POSTAL UPDATES
insights
Unanticipated benefits of a stamp collector's spring cleaning
By Janet Klug
My winter project of painting the basement turned out to be a bigger job than I had anticipated. The prep work of scrubbing the walls and filling the cracks took weeks instead of days.
All of the accumulated stuff that had been stored in plastic bins and put on shelves had to be sorted and moved before and after the painting. That was another several weeks of work, but it was full of surprises.
It is amazing what sort of stuff gathers in the basement. It turns out there were many bins full of philatelic bits and pieces nestled among the flotsam of daily life. Covers, stamps, stamp publications and auction catalogs filled an embarrassing number of bins. One of those bins containing auction catalogs is shown in Figure 1.
Going through all of that has taken a lot of time, but to tell the truth, it has been fun. The stamps and covers were either merged into my collection, sold or donated.
The stamp publications and auction catalogs are taking more time. None of this had been cataloged. In fact, I had forgotten I had most of these things.
Decades-long accumulations of philatelic auction catalogs, magazines and specialty journals were taking up vast amounts of space that could be put to better use.
The problem is that the magazines contained articles of interest. The auction catalogs were full of useful information as well as pictures of things I now wish I could purchase at the prices of 30 years ago when the catalogs were new. And yet, having all of this information residing in a sealed plastic bin was not doing me any good. It didn’t make sense to keep everything and not use any of it.
Slowly I began going through issues of American Philatelist, removing the articles I deemed useful for reference and putting them aside. This is time consuming because I frequently get caught up in a long-forgotten article, or an illustration of an interesting stamp or cover catches my eye. But progress is being made, and so far I have condensed a 2-foot stack of magazines into an inch-thick stack of clipped articles.

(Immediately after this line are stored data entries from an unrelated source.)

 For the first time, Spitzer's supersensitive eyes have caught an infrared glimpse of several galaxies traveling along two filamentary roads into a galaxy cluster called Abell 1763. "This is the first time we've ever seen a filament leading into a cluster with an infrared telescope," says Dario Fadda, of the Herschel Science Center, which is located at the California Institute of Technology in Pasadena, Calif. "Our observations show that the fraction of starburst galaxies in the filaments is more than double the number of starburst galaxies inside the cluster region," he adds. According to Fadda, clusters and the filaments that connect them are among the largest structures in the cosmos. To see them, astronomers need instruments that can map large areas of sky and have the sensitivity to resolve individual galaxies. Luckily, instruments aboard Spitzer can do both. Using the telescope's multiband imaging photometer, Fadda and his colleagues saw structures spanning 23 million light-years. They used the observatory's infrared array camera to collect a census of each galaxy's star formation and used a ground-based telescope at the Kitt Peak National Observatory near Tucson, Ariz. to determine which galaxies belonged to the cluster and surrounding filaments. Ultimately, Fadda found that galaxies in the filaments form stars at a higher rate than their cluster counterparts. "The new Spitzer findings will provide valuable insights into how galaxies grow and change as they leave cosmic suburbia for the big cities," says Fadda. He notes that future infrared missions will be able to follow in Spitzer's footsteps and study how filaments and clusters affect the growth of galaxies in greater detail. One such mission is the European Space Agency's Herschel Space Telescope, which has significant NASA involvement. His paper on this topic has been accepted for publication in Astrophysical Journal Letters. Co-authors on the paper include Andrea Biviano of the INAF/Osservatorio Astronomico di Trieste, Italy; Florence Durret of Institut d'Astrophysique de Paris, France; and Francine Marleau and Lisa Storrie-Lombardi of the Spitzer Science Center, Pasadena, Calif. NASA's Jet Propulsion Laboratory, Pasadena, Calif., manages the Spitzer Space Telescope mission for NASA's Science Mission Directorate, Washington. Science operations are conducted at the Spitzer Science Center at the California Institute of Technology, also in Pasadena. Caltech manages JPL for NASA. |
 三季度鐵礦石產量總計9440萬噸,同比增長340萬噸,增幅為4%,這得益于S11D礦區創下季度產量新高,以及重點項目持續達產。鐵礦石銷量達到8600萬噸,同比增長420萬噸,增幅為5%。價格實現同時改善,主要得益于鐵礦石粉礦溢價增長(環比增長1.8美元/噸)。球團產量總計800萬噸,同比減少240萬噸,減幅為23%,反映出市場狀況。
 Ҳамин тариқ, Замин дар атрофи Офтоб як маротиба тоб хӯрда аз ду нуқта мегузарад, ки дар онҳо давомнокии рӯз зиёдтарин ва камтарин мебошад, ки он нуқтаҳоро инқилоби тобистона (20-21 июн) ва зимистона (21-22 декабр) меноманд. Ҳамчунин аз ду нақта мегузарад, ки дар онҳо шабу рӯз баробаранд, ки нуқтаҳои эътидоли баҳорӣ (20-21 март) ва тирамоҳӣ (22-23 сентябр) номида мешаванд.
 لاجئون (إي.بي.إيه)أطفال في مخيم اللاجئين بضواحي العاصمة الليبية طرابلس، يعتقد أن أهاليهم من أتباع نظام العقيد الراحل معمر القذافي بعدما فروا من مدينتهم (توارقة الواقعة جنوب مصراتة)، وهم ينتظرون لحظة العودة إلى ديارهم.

Several of the articles saved for future reference can be seen in the photograph in Figure 2.
The saved articles are temporarily being sorted into file folders by continent. In the short term this is working fine. In the long term the articles will undoubtedly be three-hole punched and placed into binders by country, topic or area. Instead of having this wealth of information hidden away in plastic bins in the basement, it will become a useful resource for my collection.
The stacks of magazines and specialty society journals made me very grateful to those organizations that offer entire runs of their journals, either online through their web sites, or on CD-ROMs, where the information can be accessed with a computer.
The U.S. Philatelic Classics Society, for example, has archived every issue of its quarterly journal, The Chronicle of the U.S. Classic Postal Issues.
Members can access this for free on the society's web site. For more information, contact U.S. Philatelic Classics Society membership chairman Rob Lund, 2913 Fulton St., Everett, WA 98201-3733; or visit the web site at www.uspcs.org.
The auction catalogs are not quite so easy to deal with. Many of them contain notes I made about lots I bid on, sometimes successfully and sometimes not. Others were saved because they are important reference works in their own right. Some had sections that were useful for my collection, but it was not necessary to keep the whole catalog. Figuring out what to do with items of varying usefulness was tricky.
I developed an organization plan that seems to be working for the time being. All of the auction catalogs that were useful reference works were separated. I made a list of these catalogs that contain the name of the auction firm, the date of the auction and the subject of the material contained in the catalog. This information was transferred to a simple database on my computer.
The catalogs and corresponding lists of prices realized were returned to a plastic bin that was labeled on the outside to identify the contents. The bin was put on a heavy duty shelving unit, and now I can find the materials easily when I want them.
Figure 3 shows a selection of the catalogs that I chose to save
Auction catalogs that had only a section or two that were of particular interest for my collection remained. I removed the pages of interest and stapled them together with the lists of prices realized (when available).
These, too, went into file folders. When the task is finally completed, the contents of the file folders will be three-hole punched and put into binders, thus making the information readily available when I need it. Many stacks of paper have been sent for recycling, and the task is not yet completed.
The winter painting project has now become a spring cleaning project. The clutter is slowly being eliminated. A fantastic and thoroughly unanticipated bonus was finding and organizing stamp publications so that they are usable and not just taking up space.
There was one additional unexpected benefit of organizing stored stamp publications. In reviewing them for what to keep, it dawned on me how my collecting interests have changed over time.
Thirty years ago I was primarily interested in Pacific islands. Now it is military postal history. Over those 30 years I have collected and sold worldwide collections twice. I'm now working on my third worldwide collection.
This exercise reminded me that the best thing about stamp collecting is that it is anything you want it to be. The hobby can contract or expand to suit your tastes, even as your tastes change.